夕飯用にと二人分のオムライスを作り置きしていたのだ。
健吾と食べたのかと思うと腹の中に黒いものが溜まる。
「あれはショックだったわ。なに、オムライスの罪滅ぼしで助けてくれたわけ?」
私が言うとユメカはこくんと頷いた。
私は呆れる。
だが、食べ物の恨みは一生もののと言うなら食べ物恩はそれなりの効果があるのかもしれない。
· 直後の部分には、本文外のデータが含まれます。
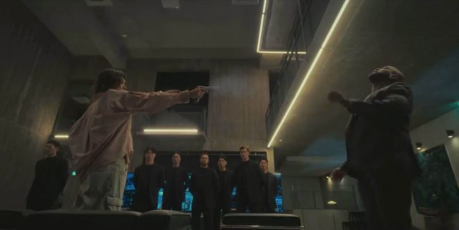 當他西裝筆挺地給流浪漢發槍時,仿佛在派發慈善午餐,彈幕瘋狂刷屏:三觀跟著五官跑。兩人巷戰戲堪稱藝術:金南佶戰術翻滾帥出天際,金英光優雅閃避如同跳探戈。

「手作りのオムライスなんて本当に久しぶりだったの。お母さんが作ってくれたのとおんなじ味で」
ユメカはぽつりぽつりと話始める。
不登校だったこと、新しい父親が嫌で家を飛び出したこと。
リュウキに優しくされて舞い上がったこと、そこからずるずると夜の街に染まっていったこと。
「夜の職業って楽に思われるけど、辛いことがいっぱいある。お酒か薬がないとやっていけない。でもそんな目に合って稼いだ金をホストに貢ぐんだからどうしょうもないよね」
ユメカは苦笑する。
「なかなか抜け出せなかったけど、お姉さんのオムライス食べて、お母さんを思い出したんだ。電話で連絡したら離婚したから戻っておいでって言ってくれて」
ユメカの表情はにやける。
「今はお母さんと一緒に住んでるんだ。私は派遣だけど昼の仕事を始めたよ」
彼女の笑顔はとても輝いていた。幸せそうな顔だった。
「そっか」
「あとね。今更だけど、健吾……さん? あの人、私に手を出してないよ」
「え?」
「あの状況じゃそう思われても仕方ないけど、レクチャーしてたの」
「レクチャー?」
私が聞くと、
「もっと恋人とイチャイチャしたいんだって。だから実験台になってた」
ぶちまけられて私は目が点になる。
「今更なのは知ってるし、だからどうしろってわけじゃないけど、完全に裏切られたままじゃないってこと」
「でもあのあとあなたを追いかけていったよ?」
「あの人、私がホスト狂いなの知っててやめさせようとしてたんだよね。あのままだと私がリュウキにお金渡しちゃうって知ってるから追いかけた。結局、リュウキに渡したけど」
ユメカは自嘲気味に笑う。
でも、今の私はユメカの行動がよくわかる。
夢に侵されたままだったら、私も全財産をリュウキに渡していた。家族のために向いていない仕事頑張る人だと思ていたから
「ユメカの気持ちわかるよ」
私が言うと、ユメカは苦笑した。
「どうしょうもないよねー」
お互い苦笑してドリンクを飲み切り、そこで別れた。
夜の町で会ったユメカより、今のユメカの方が可愛い。
「あ、あの映画今日やるんだ」
建物に張り付いたヴィジョンに告知映像が流れる。
健吾が一緒に行きたいとずっと前から言っていた奴だ。
あいつとは趣味がよく合うし、笑いどころが同じ。
なんのためらいもなく私はスマホで健吾に連絡した。
「久しぶりー。あのさ、見に行きたいって言ってた映画、今日、公開だけど見に行かない?」
スマホの向こうで健吾の喜ぶ声が聞こえる。
その声で私も嬉しくなった。
とにかく今は会って話そう。
今までのこと、これからのこと。